The weather service also recommends having multiple ways to get updates, including alerts and push notifications, local TV reports, weather apps and NOAA weather radio.
“I think the No. 1 message that people need to have is that they need to be prepared,” said Pam Knox, director of the University of Georgia Weather Network. “Don’t rely on outdoor sirens as a warning. But have a weather radio or alarm at the ready.
“And know where you are going if you hear Polluce’s warning,” he said.
With 311 tornadoes so far, according to the Storm Prediction Center data, it’s the third active start to the year in the US.

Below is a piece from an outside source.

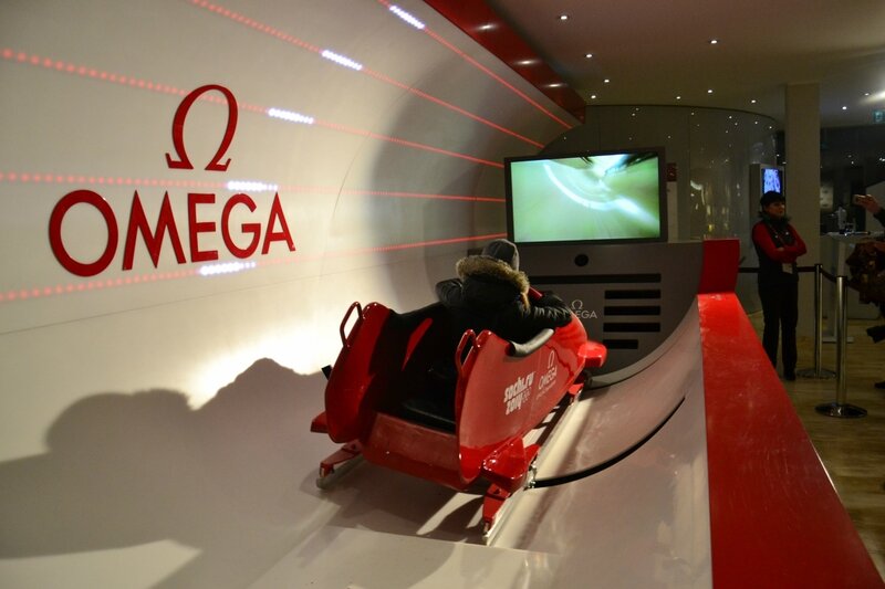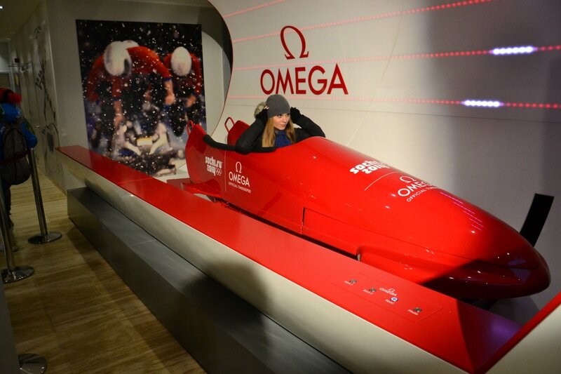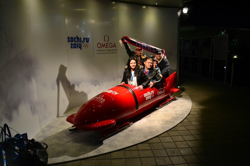 43. Внутри павильона боб, который симулирует катание по санно-бобслейной трассе.

“We have about 200 tornadoes for today,” Victor Gensini, an associate professor at Northern Illinois University, told USA TODAY on Thursday. “So we’re running on an average of about 100 tornadoes and have been all year.”
READ MORE:A bad hurricane season in the US has gone from bad to worse
The same weather system is expected to produce the heaviest snow band, with blizzard conditions possible from the central Plains to the upper Great Lakes region from Friday to Saturday, Larson said.
Published by the National Weather Service blizzard warning from Friday afternoon through Saturday morning to a large swath of South Dakota and neighboring states. An ice storm warning will be in effect for the area through Friday afternoon.
Some places in South Dakota could collect as much 20 inches of snow from a storm, it is called a storm.
About 2 to 4 inches of snow is expected in most other areas, with winds gusting up to 55 mph.
“Power outages and tree damage are likely due to the ice,” the weather service said. “Travel may be nearly impossible. Patchy blowing snow could significantly reduce visibility. Hazardous conditions could impact early morning or evening commutes.”
Emergency weather service for drivers who must travel to get stuck for lamps, food and water.
Meanwhile, in parts of Oregon and Washington, a winter weather warning It will go into effect at 5 pm on Friday and will last until late Sunday.
Snow accumulations of up to 48 inches could reach higher elevations in the Cascades, and winds are expected to reach 40 mph.